“The Wheelchair God of Ibadan” by Bella Chacha – 3.6

Translunar Travelers Lounge, Issue 14, February 2026

Chief Adewale is a seventy-two-year-old retired tailor in Ibadan, Nigeria, who has used a wheelchair since childhood after contracting polio. Despite his disability — and the quiet pity of his neighbors — he is anything but diminished. Every morning he races neighborhood children down Oke Bola slope in his battered, rust-scabbed chair, and wins. The chair is ugly and noisy, but Adewale refuses to replace it. Beneath the rust, faint golden swirls occasionally catch the light, though only he seems to notice.
Everything changes during a violent rainstorm when lightning strikes the mango tree in his compound and the chair begins to hover and glow. To the astonishment of Adewale and his sharp-tongued fourteen-year-old granddaughter Temi, the chair speaks — in the playful swagger of Ibadan Yoruba. It reveals itself to be no ordinary wheelchair but a forgotten throne belonging to a trickster spirit, a laughing, mischief-hungry deity who chose Adewale because he carried joy in a life the world had handed mostly sorrow.
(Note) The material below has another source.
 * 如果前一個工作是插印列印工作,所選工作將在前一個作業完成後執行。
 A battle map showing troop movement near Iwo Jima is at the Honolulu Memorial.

What follows is a joyful reign of harmless chaos. Adewale cheats spectacularly at the neighborhood ayo board game. He crashes a corrupt politician’s rally at Mapo Hall, causing the politician’s empty promises to appear as glowing, parenthetical lies floating above his head for the whole crowd to read. The city dubs him the Rolling God. Children sing his name. Market women whisper it like a blessing.
But his fame attracts dangerous attention. Chief Kolapo, the humiliated politician, wants the throne for himself. He lures Temi — whose own taste for mischief makes her vulnerable — with fireworks, money, and honeyed promises of a spectacular prank. She takes the bait, and Kolapo’s men use bought incantations to seize the chair, throwing Temi aside. Seated on the stolen throne, Kolapo unleashes spirits of greed upon Ibadan. Markets are swallowed by soulless malls, hawkers replaced by holograms, the smell of roasted plantain smothered by plastic. The city mutates into a glittering, joyless paradise.
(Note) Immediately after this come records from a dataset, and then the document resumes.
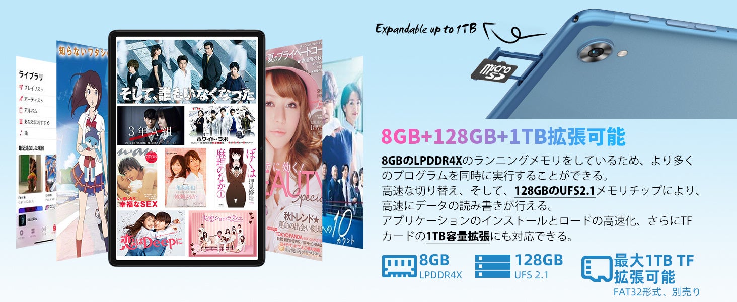 802.11ac仕様のデュアルバンドWiFiネットワークに対応し、ネットワークの世界でスッキリ楽しむことができます。Bluetooth 5.0の低消費電力転送により、タブレットの可能性を広げます。2.4G+5GデュアルバンドWiFiとBluetoothに対応するほか、GPS、グロナスとガリレオの3大衛星測位システムにも対応し、より正確なナビゲーションサービスを提供します。
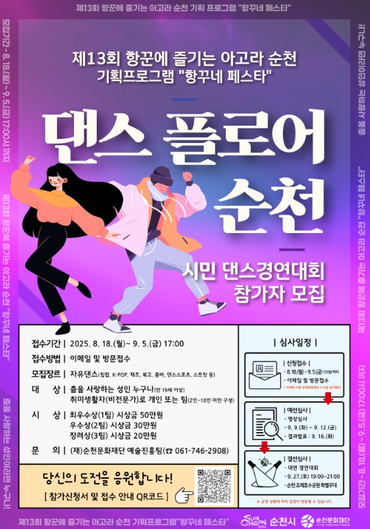 [무한뉴스=정민정 기자] 순천문화재단은 제13회 항꾼에 즐기는 아고라 순천 사업 일환으로 진행되는 ‘항꾸네 페스타’시민 댄스경연대회 '댄스플로어 순천' 의 참가자를 오는 8월 18일부터 9월 5일까지 모집한다고 밝혔다.
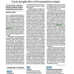 L’azienda si è inoltre impegnata a trasformare in contratti a tempo indeterminato almeno il 20% di questi contratti a termine (il limite dei lavoratori a tempo determinato è di massimo 600 unità), in tre fasi fissate entro i mesi di dicembre del 2019, del 2020 e del 2021. L’accordo prevede anche una deroga alla legislazione vigente, poichè dà all’azienda la possibilità di prorogare liberamente i contratti di lavoro a tempo determinato fino ad un massimo di 5 volte all’interno del periodo di 36 mesi, senza l’applicazione della causale. Ogni 6 mesi, infine, ci sarà un incontro tra la direzione aziendale e i rappresentanti sindacali per monitorare l’accordo e valutare la possibilità di aumentare la percentuale di stabilizzazioni a tempo indeterminato”.

Adewale, now just an old man again in a borrowed chair, faces the return of pity and irrelevance. But he refuses despair. When Temi collapses in guilt, he holds her hand and reminds her that the throne chose them not for strength or wealth, but because they refused to let sorrow consume their laughter.
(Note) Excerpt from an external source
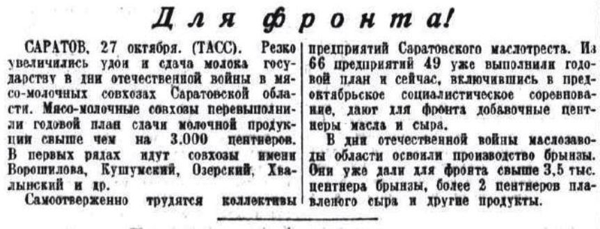 В газете «Известия» от 28 октября в заметке «Для фронта!» сообщается о перевыполнении мясо-молочными совхозами Саратовской области годового плана сдачи молочной продукции более чем на 3000 центнеров и освоении производства брынзы, что позволяет увеличить поставку продуктов на фронт [2].

The resistance that follows is built not on force but on mischief: painted slogans, chickens released in banks, a blind griot’s scathing songs, a deaf drummer’s thundering rhythms, disabled and marginalized people united in joyful defiance. On festival day, Adewale leads a carnival procession to Mapo Hall and faces Kolapo directly. He defeats the greed-spirits not with weapons but with riddles, and Temi finishes Kolapo off with an explosion of pounded-yam flour and firecrackers that reduces the golden tyrant to a sweating, powerless man in a stained agbada.
Crucially, Adewale does not reclaim the throne for himself. He invites the city to sit on it — the griot, the deaf drummer, the aunties and children — until Kolapo is simply laughed out of power. The neon bleeds from the sky, the mango trees return, and Ibadan exhales.
The throne’s final form is its truest: not one man’s chariot, but a spirit that appears whenever anyone chooses joy over despair. The story closes with Adewale and Temi racing downhill side by side, wheels sparking gold, the city cheering them on — a reminder that in Ibadan, joy never retires. It only rolls forward.​​​​​​​​​​​​​​​​

Bella Chacha

Bella Chacha is a Nigerian writer whose works have appeared in Brittle Paper, IHRAM Publishes, Channel Magazine, Incensepunk, Cosmic Daffodil Journal, and many more. She was runner-up in the Defenestrationism.net 2025 Short Story Contest.